To evaluate the performance of assay predictors we used the area under the receiving operating characteristic (ROC) curve, also known as the AUROC metric, which has a baseline random performance of 0.5. During the test phase, we run the model over all compounds in the test set to obtain their hit probabilities for all assays. With these probabilities, we compute AUROC for each assay using only the compounds that have ground truth annotations (either positive hits or negative results), and we ignore the rest of the compounds that have no annotation for that assay (unknown result or compound never tested).

We define a threshold of AUROC > 0.9 to identify assays that can be accurately predicted, and with this threshold, our second performance metric is focused on counting how many assays, from the list of 270 in our study, can be accurately predicted. For comparison, we also calculated Average Precision (AP) and area under the precision-recall curve (AUPRC) which are reported in Supplementary Tables 14.

In addition, we measured the enrichment factor (EF) for individual assays37. This metric was designed for evaluating early recognition tasks and measures the ratio of positive hits in the top fraction of tested compounds and the expected percent of total hits. For an illustration of this performance metric see Supplementary Figs. 6 and 7 for the results.

Statistics & reproducibility

This study used historical data collected in previous high-throughput compound screening projects at the Broad Institute. The sample size for cells, replicates and compounds were determined in the original studies35,36. The final dataset analyzed in our work consists of 270 assays and 16,170 compounds after filtering (see below). We did not perform biological or technical replication in this study as all data was created in the previous studies. For the computational analysis of machine learning algorithms, we performed cross-validation for all settings of training experiments (see Training / Test splits subsection in the Methods).

The total number of compounds in the library that had the three types of information required to conduct the analysis in our project (Cell Painting images, L1000 profiles, and assay readouts) was 16,978. We applied all pan-assay interference (PAINS) filters53 implemented in RDKit, which removed 786 compounds, resulting in 16,210 compounds. Next, we removed all assays without hits reducing the set of candidate assays from 496 to 437. Then, we calculated the Jaccard score between assay hits to identify redundant assays, i.e., assays that measure similar activity resulting in the same hits. The Jaccard similarity matrix (437 × 437) was thresholded at 0.7 to remove highly redundant assays, and hierarchical clustering with the cosine distance metric was applied for determining further groups of redundant assays. Finally, we removed frequent hitters, defined as compounds that are positive hits in at least 10% of the assays (by being hits in 30 assays or more) and an additional step of removing assays that remain without any hit. In the end, the final dataset consists of 16,170 compounds and 270 assays.

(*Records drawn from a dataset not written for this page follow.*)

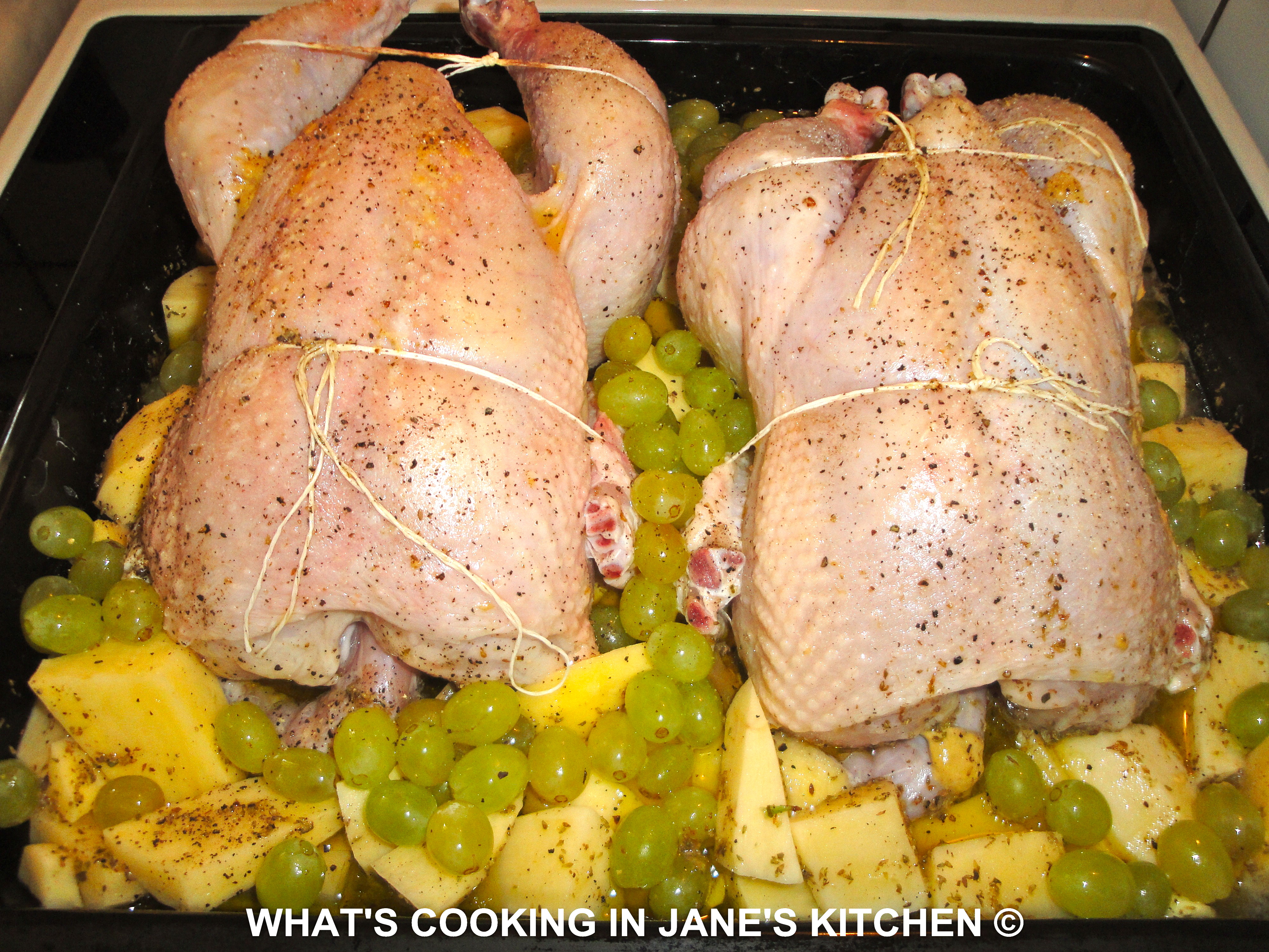 Roast Chicken With Muscat Grapes And Lemon Potatoes ©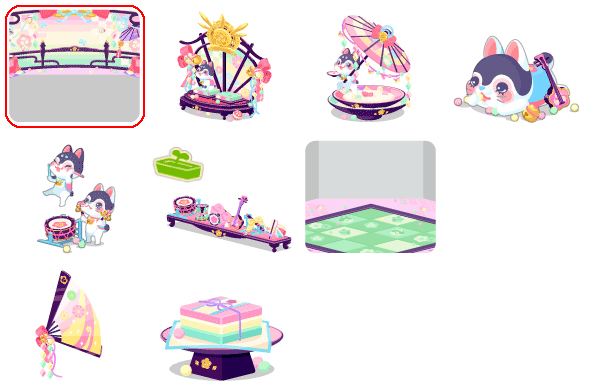 ★おひな様の冠リボンの木 No.784 菱餅ちらし寿司ちりとてしゃん鈴の実 ☆ちりとてしゃんひな祭の空 ☆ぼんぼりフィーバーの星 ☆りんりん♪宴の扇子屏風 ほろ酔い犬張り子*ポチ どどんぱ犬張り子*ミケ わくわく小上がり畳の丘 犬張り子とつるし雛ドア おっとっと!菱餅の階段 賑やかひな楽器の音色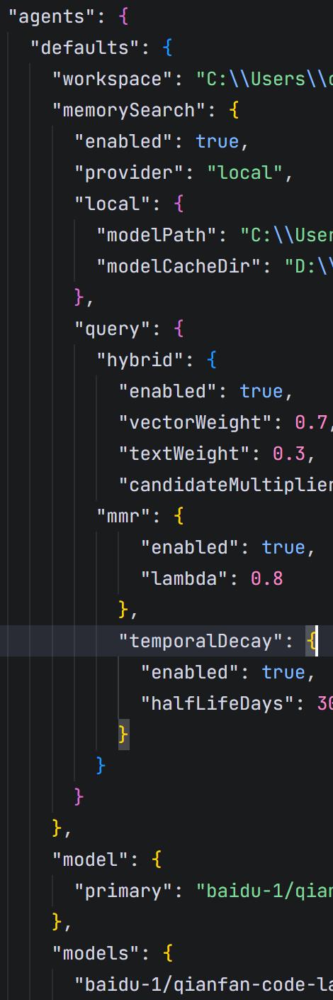 Openclaw,知识图谱,向量搜索,文本搜索,记忆衰减等等,这是openclaw的使用密码,是关键,折腾了几天,又回到起点,先后试了两个插件。有一个插件叫“graph-memory”,我看了网上的视频,它的安装挺复杂的,要配置嵌入模型,还要配置大语言llm模型,还要有配套的数据库管理系统neo4j,想到光是模型配置就需要在主模型的基础上另加两个内嵌的模型,如果在网上再订两个api,那还是有点不划算,所以我就在本地装了一个ollama,跑两个内嵌于graph-memory中间的模型,专门用于记忆模块管理。另外安装了neo4j图谱数据库,这样,再在百度购买一个api ,openclaw就搞定了。但是后来发现,这样用起来,电脑有点卡,越往后用越不满意,最后想换一个插件试试,但是结果没有成功,因为找的这个叫精英永久记忆插件,它的配置方法根本没说清楚,还得网上去找他的视频看,太麻烦了,后来搞了一阵就放弃了。怎么办?我又翻到openclaw官网,看了官网的关于原生的openclaw是如何管理记忆的,我终于发现,哪还用得着装什么插件?就把官方的这个功能用好就差不多了。直接开干,我翻到官网上的文档,从概念开始学习,再到配置大框架,再到具体的配置reference,一步一步,搞了一天,终于成功了!不过这个其实还可以继续优化。目前语义和文本搜索都是可以用的,还可以以混合模式搜索,还可以设置记忆生命周期,还可以设置模糊搜索的程度比例,搜索结果的多样性与准确性也是可以权衡选择,真的是非常强大。最重要的是,这个也不需要多花tokens,只要一个主要的api就可以了,关键是电脑不卡顿了,不但电脑节省,电也节省了,人也节省精力了,真是一举多得![呲牙][呲牙][呲牙]

To allocate compounds to experimental groups, compounds were grouped into scaffolds. Scaffolds were randomly split into training and test sets for model training (main result, splitting by scaffolds). We allocated samples by similarity of morphological or gene expression profiles using clustering, which is not random because this allocation groups similar compounds together. The scaffold-based approach is considered to be closer to a real-world practical scenario (for predicting properties of previously uncharacterized compounds). We conducted an additional experiment by sampling compounds at random for five-fold cross-validation together with the corresponding random holdout test sets (random ~20% of compounds, 10 repetitions). This experiment is reported as a baseline. There was no blinding performed in this study because the samples were not evaluated by human experts. Instead, we follow a cross-validation approach for performance evaluation.

Reporting summary

Further information on research design is available in the Nature Portfolio Reporting Summary linked to this article.